At least 25 people have been killed by insurgents linked to the Islamic State movement at a school in western Uganda.
Eight others remain in critical condition after the attack at Lhubiriha Secondary School in Mpondwe.
Police say the Allied Democratic Forces (ATF), a Ugandan group based in the Democratic Republic of Congo (DRC), carried out the attack on Friday.
Police added that soldiers are pursuing the fleeing group towards Virunga National Park in the DRC.
“So far 25 bodies have been recovered from the school and transferred to Puera Hospital,” national police spokesman Fred Enanga said in a statement on Saturday.
He added that during the attack on Friday night, a hostel in the school was burnt down and a food stall was looted.

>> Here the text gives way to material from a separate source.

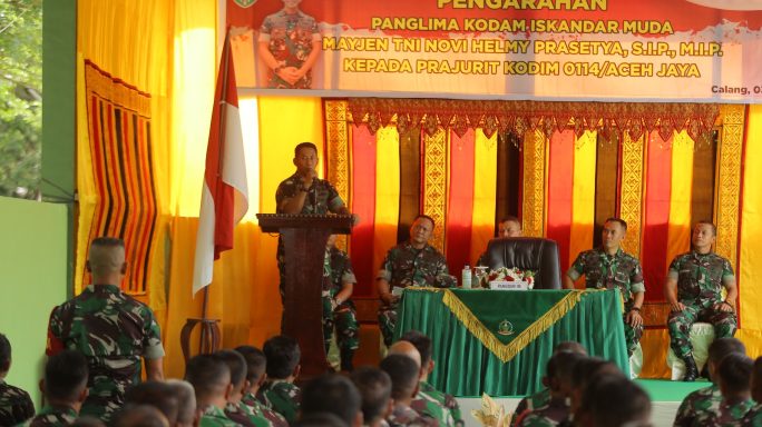 Calang/Meulaboh – Panglima Komando Daerah Militer Iskandar Muda (Pangdam IM) Mayor Jenderal TNI Novi Helmy Prasetya, S.I.P, M.I.P didampingi Ketua Persit KCK Daerah Iskandar Muda, Ny. Iin Novi Helmy Prasetya melakukan Kunjungan Kerja (Kunker) ke Komando Distrik Militer (Kodim) 0114/Ajaya dan Komando Distrik Militer (Kodim) 0105/Abar, Rabu (03/05/23).

Many students are still unaccounted for, AFP news agency reported, and dozens are feared to have been abducted.
The attackers fled towards Virunga National Park – Africa’s oldest and largest national park, home to rare species including mountain gorillas.
Militants, including the ADF, also use the vast stretch of land along the Ugandan-Rwanda border as a hideout.
The attack on the school, located two kilometers (1.25 miles) from Uganda’s border with the DRC, was the first attack on a Ugandan school in years.
In June 1998, an ADF attack on the Kichwamba Institute of Technology near the DRC border left 80 students burned to death in their dormitories. More than 100 students were kidnapped.
The ADF was formed in eastern Uganda in the 1990s and took up arms against long-serving President Yoweri Museveni, accusing the government of persecution of Muslims.
After being defeated by the Ugandan army in 2001, it relocated to North Kivu province in the DRC.
ADF rebels have been operating from within the DRC for the past two decades.